We have serious performance issue in Estonian Energy live environment where batch process which reads data from database and inserts xml messages to Oracle AQ queue performed astonishing slowly in test environment and even worse in live environment. Whole batch process was written in plsql and it take 1,5days to fix this issue.
Actual problem was that it was really difficult to understand where is problem, because all database select/insert/update statements performed well and it was shortly clear that problem must be somewhere else. But where?

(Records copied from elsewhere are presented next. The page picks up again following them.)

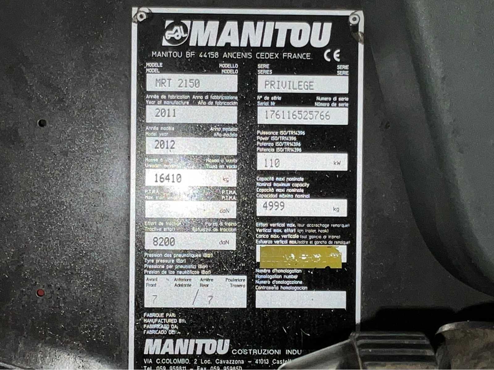 2011 Manitou MRT 2150 Privilege turbo Rotary telehandler
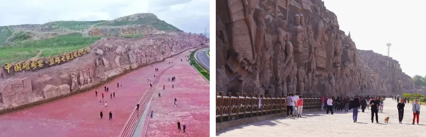 中国磁州窑•丝路长歌主题文化广场位于峰峰磁州窑路(原新义公路)中段,浮雕全长1000米、高30米,是以磁州窑大型山体浮雕为核心的文旅景点。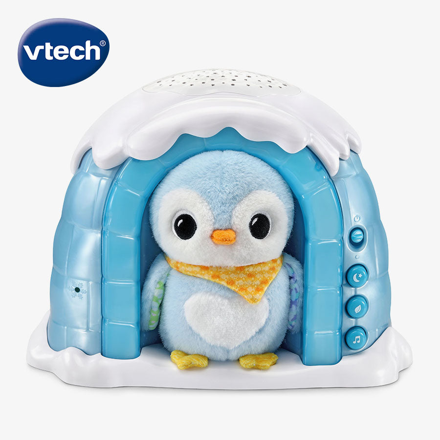 Snooze and self-soothe with this chill penguin and its adorable igloo! Perfect for afternoon catnaps and bedtime, the igloo projects a peaceful starry sky with twinkling lights on the ceiling, or choose night light for a softer glow from the igloo's door. This igloo comes with a removable and machine-washable plush penguin that can accompany little ones out and about during the day, then get ready for bedtime by tucking the penguin inside to activate the lights. Customizable controls allow the freedom of choice on sounds, volume and duration to snuggle down in the perfect peaceful environment. Play up to 45 minutes of white noise, nature sounds or calming lullabies as they drift off, and the cry sensor automatically responds if babies become restless during the night.  Sweet dreams!

Database administrator pointed to procedure where xml was put together from plain text and DBMS_LOB.append was used to concatenate strings. To make things more complicated there was almost identical process which performed well in all environments. The main difference between these 2 procedures was that in first one there was DBMS_LOB.append called 30 times per xml message and in second (slooow) one 744 times.
I started to investigate in internet about fast text concatenation strategies with CLOB-s in Oracle plsql and find the article from Martin Giffy D'Souza where actual life saver came from last comment(!) (app procedure).
Idea is that to append small text chunks to CLOB use actually to buffers - VARCHAR2(32767) and CLOB. Every time you need to append new chunk to clob you first try to append to varchar2 buffer and if it fails then append varchar2 buffer to clob and assign chunk to varchar2 buffer. In this scenario we will use CLOB.append only cases where text is longer then 32767 and all other cases we use simple text concatenation. Actually I replace CLOB.append with CLOB.writeappend because in test it was little bit faster.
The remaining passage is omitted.